I wish I knew how many times a client had professed their lack of willpower to me. How does the old saying go, “If I had a nickel…” Whether it be the gumption to get out and exercise or the ability to elude a chocolate cake, willpower has become the crutch that many of us lean against when faced with our failure to reach our health goals. But what is willpower and, more importantly, do we really lack it?
Let’s go back to my first statement: It’s true, I’ve heard many people explain to me that it was a “lack of willpower” that caused the inevitable downfall of their diet and exercise program. To some, this may be an opportunity to offer condolences on the failure and inject a rousing bout of positivity on the successes to come. To me, it is the opportunity to say, and I quote, “You know who else doesn’t have willpower? Drug addicts and serial killers. Is that the kind of company you keep?”
Now, I realize that this may be seen by many as an “insensitive” or “harsh” way to deal with someone’s admission of guilt, but, hey, I’m generally a harsh and insensitive person! And not because I choose to be, but because I’ve found that too many people live in candy-coated la-la-land where everything is always wonderful and no one has to be accountable for their actions. Well, guess what? That’s not the way the world works and it usually takes someone like me for people to understand that (which is why I refer to my “brutal honesty” as a “necessary evil”).

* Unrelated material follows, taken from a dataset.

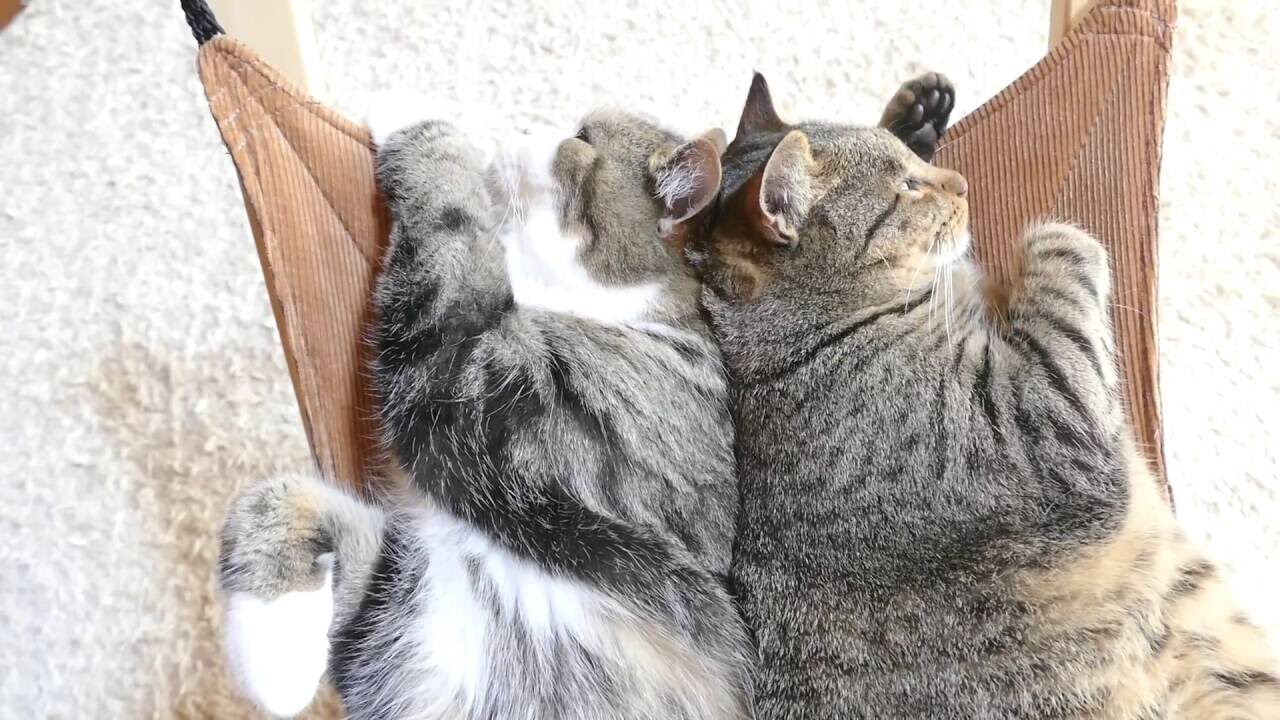 【至福】「ここは天国かニャ?」ハンモックで仲良くスヤスヤ……。まる&はなちゃんのシンクロ寝姿に悶絶!

So, what is someone really saying when they claim to have a “lack of willpower.” Unfortunately, they are saying that they just haven’t put enough value in their goal to actually see it through to fruition. You see, willpower is merely the ability to control one’s actions. Therefore, having a lack of willpower would imply that you are NOT in control of your actions. And, while this may pass as a good excuse to some, I’m pretty sure that most of us are WELL in control of the things we do. So, the next time you are doubting your supply of willpower, think of another situation in your life where you exercised control over your decision making. Furthermore, think of WHY you chose the path that you did. If you are able to do that, then you should be able to see that the reason we do most things is because we put a value on the outcome that is greater than the cost of the effort. Take, for example, driving on I-35 at rush hour. Now everyone knows that Austin drivers are absolutely terrible, and that it’s a foregone conclusion that someone is going to cut you off and make you want to run their car off the road. So, when the giant pickup truck cuts you off and slams on it’s breaks, what stops you from purposely smashing into it? Answer: You value your freedom (and your safety)!
Now, I realize that the given example is a little far-fetched, but not as much as you might think. Even if you don’t know it at the time, we make choices like this all day long. We don’t tell our boss to “f$#% off” and quit because we value our paycheck and all the things it buys us. We don’t drink three bottles of wine on a Tuesday night because we value feeling alert and intelligent on Wednesday. ANNNDDDD, we go to the gym and eat healthy because we value our health and our sexy abs! So, the next time you are thinking of having a “lack of willpower,” think first about what you value the most. Then, if the answer is that you value that piece of chocolate cake over that teenie-weenie-bikini, enjoy away! But make sure you own it!